Luc Besson sabe escrever grandes
personagens femininas. Vou além. Ele fez delas o seu grande diferencial. Por
mais que o seu estilo e assinatura própria saltem aos olhos, o cineasta francês
sempre se encantou pela força das suas mulheres. Pela capacidade delas em
invadir um universo masculino e chutar traseiros sem dó nem piedade. Nikita:
Criada Para Matar (1990), por exemplo, é um dos filmes mais influentes dos anos
noventa. Muito do ‘girl power’ que vemos no cinema na atualidade se deve ao
cult estrelado por Anne Parillaud. O arco da ‘junkie’ que se torna uma
assassina letal é ainda hoje requentado. Inclusive pelo próprio Besson. A
rigor, Anna: O Perigo Tem Nome surge como uma versão soviética desta pérola
noventista. Ok, o contexto pode até se outro. Mais tênue e perigoso. Mas, em
sua essência mais pura, é impossível dissociar um longa do outro. O que, a
priori, enfraquece o seu mais novo trabalho. A pesada montagem não linear surge
como uma tentativa de Besson em extrair algo novo do ‘plot’. Em trabalhar os
segredos e as reviravoltas em torno da jornada da jovem russa recrutada pela
KGB para se tornar uma espiã em solo ocidental. O problema é que falta ao
argumento a sobriedade que o contexto em questão exigia. Ao contrário de
Nikita, se desapega da realidade com descuido. Besson sacrifica o estudo de
personagem em prol de antecipáveis ‘plot twists’. A montagem, aqui, simplifica
a construção do arco da protagonista.
O que só não é mais frustrante
graças a capacidade de Luc Besson em descascar as camadas da sua personagem à
medida que mergulha junto dela no submundo da espionagem. O realizador nos
permite conhecer a Anna assassina, a Anna entristecida, a Anna iludida, a Anna
violentada, a Anna vingativa. Tal qual uma matrioska, ele constrói segmentos
que a expõe pouco a pouco. Embora, na ânsia de injetar adrenalina ao arco
central, o diretor não dê muitas brechas para respiros dramáticos, ele é sutil
o bastante para extrair da promissora Sasha Luss emoções genuínas. Vou além.
Para enxergar na sua história de “libertação” um paralelo com o destino de
muitas jovens mulheres devoradas por um ambiente abusivo, implacável e masculino.
O mundo da moda surge como um estiloso recurso visual, como uma fachada
convincente, mas também como um elo com a realidade.

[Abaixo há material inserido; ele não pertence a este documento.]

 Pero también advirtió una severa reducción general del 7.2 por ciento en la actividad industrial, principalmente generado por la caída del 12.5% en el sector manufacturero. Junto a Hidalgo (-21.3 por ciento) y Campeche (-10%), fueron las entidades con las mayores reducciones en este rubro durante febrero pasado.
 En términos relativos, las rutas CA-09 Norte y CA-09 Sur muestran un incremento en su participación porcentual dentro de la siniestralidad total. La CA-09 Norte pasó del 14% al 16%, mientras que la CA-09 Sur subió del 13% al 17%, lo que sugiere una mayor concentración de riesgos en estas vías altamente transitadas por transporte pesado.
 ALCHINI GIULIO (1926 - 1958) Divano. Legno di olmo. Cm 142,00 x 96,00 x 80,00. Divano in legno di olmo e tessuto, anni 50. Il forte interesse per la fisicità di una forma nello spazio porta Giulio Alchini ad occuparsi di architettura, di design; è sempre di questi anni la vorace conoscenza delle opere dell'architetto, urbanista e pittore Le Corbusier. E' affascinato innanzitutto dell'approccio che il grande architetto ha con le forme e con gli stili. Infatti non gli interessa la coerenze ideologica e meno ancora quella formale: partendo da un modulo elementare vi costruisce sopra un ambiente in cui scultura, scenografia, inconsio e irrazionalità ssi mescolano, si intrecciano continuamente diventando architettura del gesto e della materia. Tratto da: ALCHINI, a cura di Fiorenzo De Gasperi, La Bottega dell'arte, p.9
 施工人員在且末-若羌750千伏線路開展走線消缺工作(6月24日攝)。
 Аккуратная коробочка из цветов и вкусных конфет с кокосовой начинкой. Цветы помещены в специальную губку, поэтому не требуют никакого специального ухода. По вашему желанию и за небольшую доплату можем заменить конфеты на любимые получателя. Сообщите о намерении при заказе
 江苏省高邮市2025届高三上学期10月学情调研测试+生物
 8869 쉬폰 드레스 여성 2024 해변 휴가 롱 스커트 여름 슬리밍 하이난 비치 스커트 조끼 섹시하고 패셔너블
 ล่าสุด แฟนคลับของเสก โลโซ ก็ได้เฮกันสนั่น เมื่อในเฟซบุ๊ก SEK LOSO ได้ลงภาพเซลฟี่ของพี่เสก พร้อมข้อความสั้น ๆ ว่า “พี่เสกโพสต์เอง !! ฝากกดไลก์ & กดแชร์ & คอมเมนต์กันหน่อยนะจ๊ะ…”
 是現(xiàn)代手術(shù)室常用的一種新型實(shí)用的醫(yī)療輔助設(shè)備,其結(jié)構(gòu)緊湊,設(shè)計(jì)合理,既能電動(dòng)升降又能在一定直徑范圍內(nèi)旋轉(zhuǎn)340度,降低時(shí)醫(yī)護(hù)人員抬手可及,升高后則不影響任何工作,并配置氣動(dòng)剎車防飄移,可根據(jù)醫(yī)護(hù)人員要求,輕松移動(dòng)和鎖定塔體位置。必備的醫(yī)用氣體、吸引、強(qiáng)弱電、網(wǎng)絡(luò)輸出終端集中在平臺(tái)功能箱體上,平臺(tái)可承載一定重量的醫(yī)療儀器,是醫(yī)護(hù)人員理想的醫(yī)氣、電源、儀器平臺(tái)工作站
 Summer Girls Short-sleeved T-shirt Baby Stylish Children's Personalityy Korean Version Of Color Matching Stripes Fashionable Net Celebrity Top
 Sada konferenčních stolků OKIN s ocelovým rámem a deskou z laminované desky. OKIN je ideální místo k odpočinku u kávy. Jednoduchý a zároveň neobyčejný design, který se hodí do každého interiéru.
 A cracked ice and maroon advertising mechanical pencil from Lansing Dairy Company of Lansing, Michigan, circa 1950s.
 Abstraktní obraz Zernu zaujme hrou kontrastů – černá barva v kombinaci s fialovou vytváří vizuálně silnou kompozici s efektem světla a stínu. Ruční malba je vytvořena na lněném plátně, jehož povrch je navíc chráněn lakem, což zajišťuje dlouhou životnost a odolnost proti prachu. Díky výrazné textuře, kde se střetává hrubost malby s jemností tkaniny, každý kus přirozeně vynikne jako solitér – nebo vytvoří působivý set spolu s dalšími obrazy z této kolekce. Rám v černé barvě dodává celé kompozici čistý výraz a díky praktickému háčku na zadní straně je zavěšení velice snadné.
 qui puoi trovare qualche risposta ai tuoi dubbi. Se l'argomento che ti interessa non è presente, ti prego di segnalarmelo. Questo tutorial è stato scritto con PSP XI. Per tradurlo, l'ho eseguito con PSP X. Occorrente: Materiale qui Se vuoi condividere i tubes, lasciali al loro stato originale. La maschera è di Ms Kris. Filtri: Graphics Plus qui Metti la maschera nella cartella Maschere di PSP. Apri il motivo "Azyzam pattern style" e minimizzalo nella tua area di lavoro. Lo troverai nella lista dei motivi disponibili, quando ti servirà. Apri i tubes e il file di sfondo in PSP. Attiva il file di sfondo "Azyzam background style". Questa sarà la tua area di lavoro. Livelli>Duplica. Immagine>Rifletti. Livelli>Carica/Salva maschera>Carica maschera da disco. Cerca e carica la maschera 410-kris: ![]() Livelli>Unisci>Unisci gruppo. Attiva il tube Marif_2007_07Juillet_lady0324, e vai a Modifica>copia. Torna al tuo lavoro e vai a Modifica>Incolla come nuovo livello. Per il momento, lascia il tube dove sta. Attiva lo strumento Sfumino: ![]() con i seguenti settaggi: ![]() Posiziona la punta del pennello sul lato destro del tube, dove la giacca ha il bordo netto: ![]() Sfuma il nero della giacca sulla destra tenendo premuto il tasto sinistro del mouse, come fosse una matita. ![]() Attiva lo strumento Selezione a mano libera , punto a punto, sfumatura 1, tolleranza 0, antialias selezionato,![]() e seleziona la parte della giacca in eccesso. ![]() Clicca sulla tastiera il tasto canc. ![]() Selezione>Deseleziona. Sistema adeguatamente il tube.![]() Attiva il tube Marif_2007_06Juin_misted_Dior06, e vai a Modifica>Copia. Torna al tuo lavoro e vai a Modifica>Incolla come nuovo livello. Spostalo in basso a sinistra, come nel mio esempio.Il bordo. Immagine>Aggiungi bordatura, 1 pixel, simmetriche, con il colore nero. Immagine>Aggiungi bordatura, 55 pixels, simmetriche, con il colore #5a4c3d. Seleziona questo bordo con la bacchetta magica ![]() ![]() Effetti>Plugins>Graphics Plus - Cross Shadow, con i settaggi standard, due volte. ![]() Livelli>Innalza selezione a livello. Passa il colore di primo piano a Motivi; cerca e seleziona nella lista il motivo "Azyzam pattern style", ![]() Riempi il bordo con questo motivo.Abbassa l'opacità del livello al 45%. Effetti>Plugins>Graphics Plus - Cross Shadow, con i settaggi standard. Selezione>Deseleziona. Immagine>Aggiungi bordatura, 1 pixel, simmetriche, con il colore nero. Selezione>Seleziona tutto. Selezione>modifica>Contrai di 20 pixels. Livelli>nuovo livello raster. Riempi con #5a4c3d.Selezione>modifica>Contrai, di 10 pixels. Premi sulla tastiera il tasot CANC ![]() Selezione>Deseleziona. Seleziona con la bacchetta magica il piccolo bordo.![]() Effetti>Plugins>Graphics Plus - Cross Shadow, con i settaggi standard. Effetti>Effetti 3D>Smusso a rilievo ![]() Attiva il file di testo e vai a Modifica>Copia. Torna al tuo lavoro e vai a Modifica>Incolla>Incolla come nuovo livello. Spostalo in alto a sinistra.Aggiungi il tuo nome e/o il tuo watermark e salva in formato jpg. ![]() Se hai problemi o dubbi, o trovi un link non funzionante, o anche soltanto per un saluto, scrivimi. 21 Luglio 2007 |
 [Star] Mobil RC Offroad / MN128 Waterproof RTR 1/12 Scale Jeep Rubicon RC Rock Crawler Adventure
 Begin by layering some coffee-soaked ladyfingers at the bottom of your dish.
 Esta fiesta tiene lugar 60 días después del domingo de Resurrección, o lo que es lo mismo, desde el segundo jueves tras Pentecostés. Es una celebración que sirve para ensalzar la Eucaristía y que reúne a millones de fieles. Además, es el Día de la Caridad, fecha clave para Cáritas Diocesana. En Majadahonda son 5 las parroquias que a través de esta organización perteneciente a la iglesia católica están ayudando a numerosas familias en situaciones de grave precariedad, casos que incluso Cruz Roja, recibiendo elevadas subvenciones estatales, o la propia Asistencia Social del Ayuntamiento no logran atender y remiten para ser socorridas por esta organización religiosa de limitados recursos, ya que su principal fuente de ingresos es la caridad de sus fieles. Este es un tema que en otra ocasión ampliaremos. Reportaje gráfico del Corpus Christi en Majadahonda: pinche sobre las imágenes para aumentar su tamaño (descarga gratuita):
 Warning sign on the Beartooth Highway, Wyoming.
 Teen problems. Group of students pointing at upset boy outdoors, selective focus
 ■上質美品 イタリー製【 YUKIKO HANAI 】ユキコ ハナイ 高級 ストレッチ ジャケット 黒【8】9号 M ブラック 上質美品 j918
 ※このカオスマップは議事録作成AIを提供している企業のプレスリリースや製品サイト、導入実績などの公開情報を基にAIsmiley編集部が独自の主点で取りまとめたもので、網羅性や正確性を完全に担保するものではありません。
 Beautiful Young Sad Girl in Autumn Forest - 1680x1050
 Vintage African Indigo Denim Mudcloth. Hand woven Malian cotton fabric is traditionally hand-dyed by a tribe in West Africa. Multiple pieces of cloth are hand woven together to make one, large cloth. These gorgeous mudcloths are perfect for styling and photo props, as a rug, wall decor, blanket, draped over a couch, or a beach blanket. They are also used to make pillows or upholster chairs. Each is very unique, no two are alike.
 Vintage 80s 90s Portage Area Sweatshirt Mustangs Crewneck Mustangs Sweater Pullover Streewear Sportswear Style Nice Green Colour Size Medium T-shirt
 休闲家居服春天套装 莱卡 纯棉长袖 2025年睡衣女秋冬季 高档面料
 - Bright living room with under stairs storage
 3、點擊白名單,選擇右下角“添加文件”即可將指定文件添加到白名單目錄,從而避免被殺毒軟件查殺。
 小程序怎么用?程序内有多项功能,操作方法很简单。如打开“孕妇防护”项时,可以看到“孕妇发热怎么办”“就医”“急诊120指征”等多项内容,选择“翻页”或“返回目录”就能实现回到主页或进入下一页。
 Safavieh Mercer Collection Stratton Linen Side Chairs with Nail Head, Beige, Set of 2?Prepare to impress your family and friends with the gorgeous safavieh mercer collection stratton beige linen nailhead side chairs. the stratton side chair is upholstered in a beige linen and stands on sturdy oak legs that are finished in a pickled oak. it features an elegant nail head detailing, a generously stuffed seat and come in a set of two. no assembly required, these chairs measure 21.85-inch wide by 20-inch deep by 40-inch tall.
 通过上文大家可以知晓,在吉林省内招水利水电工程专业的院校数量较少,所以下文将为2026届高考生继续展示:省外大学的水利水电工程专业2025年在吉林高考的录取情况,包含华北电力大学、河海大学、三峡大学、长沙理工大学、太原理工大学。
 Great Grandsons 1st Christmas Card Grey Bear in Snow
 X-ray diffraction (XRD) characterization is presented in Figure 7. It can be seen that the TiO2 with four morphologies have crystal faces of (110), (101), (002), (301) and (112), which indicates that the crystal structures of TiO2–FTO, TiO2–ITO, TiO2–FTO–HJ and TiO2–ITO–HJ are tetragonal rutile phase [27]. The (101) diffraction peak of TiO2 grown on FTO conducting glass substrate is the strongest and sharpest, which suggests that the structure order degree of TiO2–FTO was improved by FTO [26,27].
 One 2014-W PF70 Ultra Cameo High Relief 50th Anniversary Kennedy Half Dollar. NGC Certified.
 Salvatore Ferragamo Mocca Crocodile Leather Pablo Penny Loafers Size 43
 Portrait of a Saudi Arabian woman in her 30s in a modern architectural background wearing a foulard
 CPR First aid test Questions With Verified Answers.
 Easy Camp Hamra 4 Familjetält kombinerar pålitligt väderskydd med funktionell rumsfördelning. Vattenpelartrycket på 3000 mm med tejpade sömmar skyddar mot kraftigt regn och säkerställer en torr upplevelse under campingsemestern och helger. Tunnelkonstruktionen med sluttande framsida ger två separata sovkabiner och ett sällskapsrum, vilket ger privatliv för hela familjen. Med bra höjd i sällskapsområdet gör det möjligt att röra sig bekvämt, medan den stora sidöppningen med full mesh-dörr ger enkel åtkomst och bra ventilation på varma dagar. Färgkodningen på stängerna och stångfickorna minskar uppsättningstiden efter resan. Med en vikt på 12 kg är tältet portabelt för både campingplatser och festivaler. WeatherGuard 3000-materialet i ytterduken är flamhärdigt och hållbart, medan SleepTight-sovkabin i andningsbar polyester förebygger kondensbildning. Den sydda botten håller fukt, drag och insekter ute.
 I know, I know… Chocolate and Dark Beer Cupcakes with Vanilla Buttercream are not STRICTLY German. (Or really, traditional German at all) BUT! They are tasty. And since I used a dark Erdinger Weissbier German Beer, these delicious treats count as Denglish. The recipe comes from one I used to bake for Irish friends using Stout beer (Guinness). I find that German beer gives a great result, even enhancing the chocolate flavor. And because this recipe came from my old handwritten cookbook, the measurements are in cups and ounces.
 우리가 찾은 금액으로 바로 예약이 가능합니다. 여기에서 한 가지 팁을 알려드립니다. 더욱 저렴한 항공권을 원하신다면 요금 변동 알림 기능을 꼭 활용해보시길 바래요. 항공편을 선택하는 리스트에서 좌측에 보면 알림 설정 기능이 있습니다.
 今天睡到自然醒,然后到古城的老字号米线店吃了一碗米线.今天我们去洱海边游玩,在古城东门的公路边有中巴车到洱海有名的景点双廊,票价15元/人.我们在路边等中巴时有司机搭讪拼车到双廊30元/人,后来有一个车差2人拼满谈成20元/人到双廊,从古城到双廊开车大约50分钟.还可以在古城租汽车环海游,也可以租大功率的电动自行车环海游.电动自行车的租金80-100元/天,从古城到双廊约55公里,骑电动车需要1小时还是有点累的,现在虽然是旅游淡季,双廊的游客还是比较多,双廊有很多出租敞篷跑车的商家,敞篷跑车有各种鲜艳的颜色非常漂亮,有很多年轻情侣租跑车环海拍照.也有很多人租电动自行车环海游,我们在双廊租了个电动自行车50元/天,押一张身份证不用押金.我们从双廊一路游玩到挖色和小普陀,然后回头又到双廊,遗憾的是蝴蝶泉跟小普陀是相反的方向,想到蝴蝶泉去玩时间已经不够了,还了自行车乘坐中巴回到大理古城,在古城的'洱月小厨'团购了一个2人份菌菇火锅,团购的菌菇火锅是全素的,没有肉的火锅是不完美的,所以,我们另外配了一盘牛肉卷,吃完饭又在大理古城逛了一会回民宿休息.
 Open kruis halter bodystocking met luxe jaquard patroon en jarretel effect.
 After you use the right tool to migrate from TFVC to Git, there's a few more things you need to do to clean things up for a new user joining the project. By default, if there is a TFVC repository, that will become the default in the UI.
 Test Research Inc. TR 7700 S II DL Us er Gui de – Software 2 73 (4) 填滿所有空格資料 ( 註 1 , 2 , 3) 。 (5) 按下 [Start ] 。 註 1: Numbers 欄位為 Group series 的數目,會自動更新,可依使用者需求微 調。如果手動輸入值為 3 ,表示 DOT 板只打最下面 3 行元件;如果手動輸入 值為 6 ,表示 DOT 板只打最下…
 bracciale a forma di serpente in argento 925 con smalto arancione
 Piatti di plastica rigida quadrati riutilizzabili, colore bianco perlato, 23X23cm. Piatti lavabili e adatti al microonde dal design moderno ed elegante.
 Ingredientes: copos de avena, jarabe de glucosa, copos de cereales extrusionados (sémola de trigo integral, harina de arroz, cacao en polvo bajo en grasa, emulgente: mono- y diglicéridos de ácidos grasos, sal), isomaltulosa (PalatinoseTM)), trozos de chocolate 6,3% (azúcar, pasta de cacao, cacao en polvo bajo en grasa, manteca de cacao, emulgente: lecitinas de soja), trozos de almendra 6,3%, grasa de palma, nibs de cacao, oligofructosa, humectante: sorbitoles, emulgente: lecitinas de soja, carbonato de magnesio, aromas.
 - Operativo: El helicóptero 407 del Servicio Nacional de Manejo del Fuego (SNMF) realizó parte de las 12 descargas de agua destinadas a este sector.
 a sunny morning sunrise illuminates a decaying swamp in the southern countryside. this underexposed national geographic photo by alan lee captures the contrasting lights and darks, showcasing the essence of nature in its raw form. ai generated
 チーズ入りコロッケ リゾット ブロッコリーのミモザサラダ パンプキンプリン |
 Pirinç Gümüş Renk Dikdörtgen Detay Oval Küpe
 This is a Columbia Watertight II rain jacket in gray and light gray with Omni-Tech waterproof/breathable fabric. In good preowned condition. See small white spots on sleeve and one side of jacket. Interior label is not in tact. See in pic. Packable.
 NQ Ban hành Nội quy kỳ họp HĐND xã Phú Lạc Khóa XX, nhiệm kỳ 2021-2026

Enquanto um estudo sobre
empoderamento feminino, na verdade, Anna funciona bem. Mesmo diante
de uma abordagem demasiadamente romantizada, Besson nos brinda com uma
personagem consciente da sua posição de vulnerabilidade. E extrai disso a sua
letalidade. Ela sabe que tem de seduzir a todos que estão ao seu redor. Ela
sabe que não pode demonstrar fraqueza. Ela sabe que não pode confiar em
ninguém. Anna usa os punhos como arma, usa armas como arma, usa o sexo como
arma. O que poderia soar gratuito num primeiro momento ganha um novo sentido
quando descobrimos as suas reais motivações. O “triângulo amoroso” envolvendo
ela e os agentes da KGB (Luke Evans) e da CIA (Cillian Murphy) agrega ao seu
arco. Besson é esperto ao brincar com o controle da situação. Ao enxergar a
ponta ironia por trás de tudo isso. Nestes momentos, Anna: A Morte tem Nome
merece o crédito por não se levar tão a sério assim. Uma pena que, mais uma
vez, no esforço de proteger segredos, o diretor não dê a mesma atenção para a
tênue relação entre a espiã e a sua superior, vivida por uma expansiva Helen
Mirren.
Apesar do esforço da intrusiva
montagem, Anna: O Perigo tem Nome encontra a sua verdadeira energia no momento
em que invade o cinema de ação. No seu melhor trabalho em anos dentro do
gênero, Luc Besson nos brinda com uma trinca de cenas empolgantes. Aliando
estilo à brutalidade, o realizador cria uma espiã casca grossa. Com movimentos
de câmera criativos e um corajoso uso dos planos mais longos, ele extrai o
máximo da fisicalidade de Sasha Luss em cenas tensas, agressivas e
brilhantemente coreografadas. Anna é uma espécie de John Wick loira e modelo. O
seu ‘modus operandi’ é frio e violento. A sequência da invasão ao bar, por
exemplo, é magistral. A maneira com que Besson alinha o eixo da sua câmera à
mira da arma da protagonista transforma a luta dela contra uma horda de
capangas num sangrento balé contemporâneo. Num todo, aliás, o longa capricha na
direção de arte. Besson extrai o máximo da moda dos anos noventa com uma
elegante fotografia em tons vibrantes e figurinos requintados. No fim, Anna: O
Perigo tem Nome compensa a sua falta de originalidade com um sólido arco
feminino, ação de qualidade e a assinatura de um realizador que sabe apertar os
botões certos na hora certa.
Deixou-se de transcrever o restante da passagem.